Michael's most popular visualization method is code_swarm, which shows the history of commits in an open source project as a video. Both developers and files are represented as moving elements. When a developer commits a file, it lights up and flies towards that developer. Files are colored according to their purpose, such as whether they are source code or a document. If files or developers have not been active for a while, they fade away. The design of code_swarm is explained in the paper code_swarm: A Design Study in Organic Software Visualization [PDF], which shows some case studies of Python, Eclipse, Apache, and PostgreSQL. Videos generated by code_swarm for these projects are also available on the web site.
The code for code_swarm, written in Ben Fry's Java-based open source programming environment Processing, is available under the GPL v3. It supports various types of repositories: Subversion, CVS, Git, Mercurial, Perforce, VSS, Starteam, and Darcs. The wikiswarm add-on even allows visualizing Wikipedia page histories and user contributions. By downloading and executing the code, everyone can create their own software visualizations, and there's a mailing list for help. The project's wiki also has some documentation, such as a step by step guide of how to generate a video, a FAQ, and a gallery of third-party code_swarm videos.
Gource
![[Python Gource]](https://static.lwn.net/images/2010/gource-python-sm.png)

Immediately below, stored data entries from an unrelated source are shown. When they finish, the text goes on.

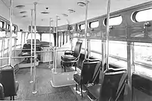 Les véhicules retiennent un aménagement intérieur avec un large couloir similaire à celui des motrices américaines avec cependant moins de sièges dans la partie avant avec deux rangées en 1+1 sièges et 1+2 sièges après la porte arrière[alpha 2]. Elles s'en différencient également par la présence d'un poste de perception pour le receveur situé à l'avant à droite devant la deuxième fenêtre, ces motrices étant exploitées par deux agents[alpha 3].
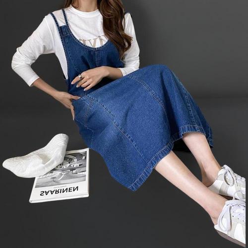[미라클세븐]여성 중청색 포켓 디테일 이중 스트랩 청멜빵 롱 드레스
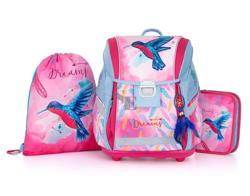 Aktovka se skládá z jedné prostorné komory, kam se pohodlně vejdou všechny školní pomůcky pro děti v 1. a ve 2. třídě. Dno batohu je z pevného materiálu, chrání tím obsah před převržením a vysypáním. Zapínání je na bezpečnostní přezku. Přední kapsička je určena na svačinu, nechybí řada reflexních prvků, díky kterým je aktovka viditelnější.
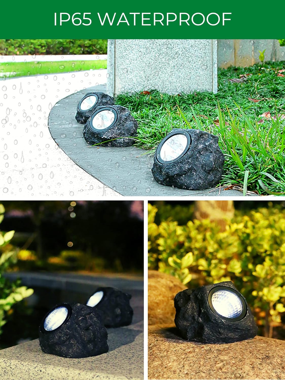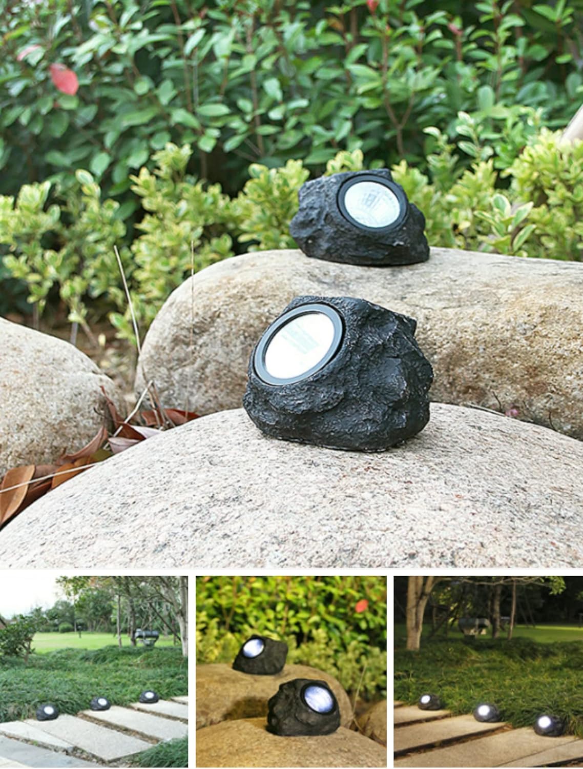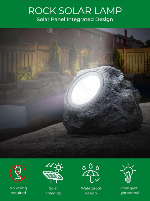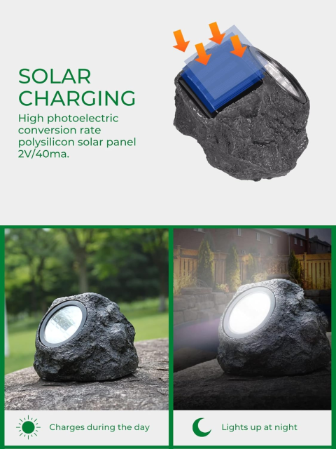 Сонячний світильник з 4 світлодіодами, що точно імітує камінь естетичним дизайном, ідеально впишеться у ваш сад, патіо, доріжку, газон або будь-яке інше місце на відкритому повітрі, яке ви хочете висвітлити. У комплекті 2 сонячні світильники у формі каменю.

At the end of 2009, New Zealand software developer Andrew Caudwell presented his software visualization project Gource (a play on Source and Gorse) on his computer graphics blog The Alpha Blenders. Gource takes the logs from a version control system of a software project and displays them as an animated tree with the root directory of the project at its center. Directories appear as branches with files as "leaves", represented by spheres that are colored dependent on their file extension. Developers currently contributing to the project can be seen floating near the files they are modifying. The whole visualization looks organic and is interactive, as the user can rotate the view and move the camera position.
The code for Gource is available under the GPL v3. It's designed for use with Git, Mercurial, or Bazaar, but it has also scripts to support CVS and Subversion. It needs a 3D accelerated video card and uses OpenGL for rendering. The wiki has some documentation, such as how to show Gravatar images for developers or how to change the appearance. The wiki also explains how to produce a video and shows some example videos and screenshots. In January, Andrew showed some of his visualizations at linux.conf.au.
In the last few months, several enthusiasts have been experimenting with Gource. For example, Michael DeHaan used Gource to create a visualization of Red Hat's provisioning server Cobbler and he explained that it can be really useful to evaluate an open source project:
Michael's visualization inspired Daniel Berrange to do the same exercise for libvirt:
Daniel also produced a visualization of libvirt using code_swarm, which makes it easy to compare the merits of both methods.
Gephi
![[CPAN Explorer]](https://static.lwn.net/images/2010/cpan-explorer-authors-sm.png)
A third, more research-oriented and more general graph visualization tool is Gephi, which is Java-based and is distributed under the GPL v3. Users of this tool call it "like PhotoShop for graphs
", or should we say "like GIMP for graphs
"? It's a very powerful and interactive tool for exploring, manipulating and visualizing graphs: users can manipulate the structure, shapes, colors, locations of the nodes, and so on, but they can also find the shortest path between nodes and compute graph metrics, find clusters, and conduct a lot of advanced graph analyses. Gephi was originally created in 2007 at WebAtlas, a French non-governmental organization involved in mapping the web and data mining, but is now developed by an international consortium of open source developers.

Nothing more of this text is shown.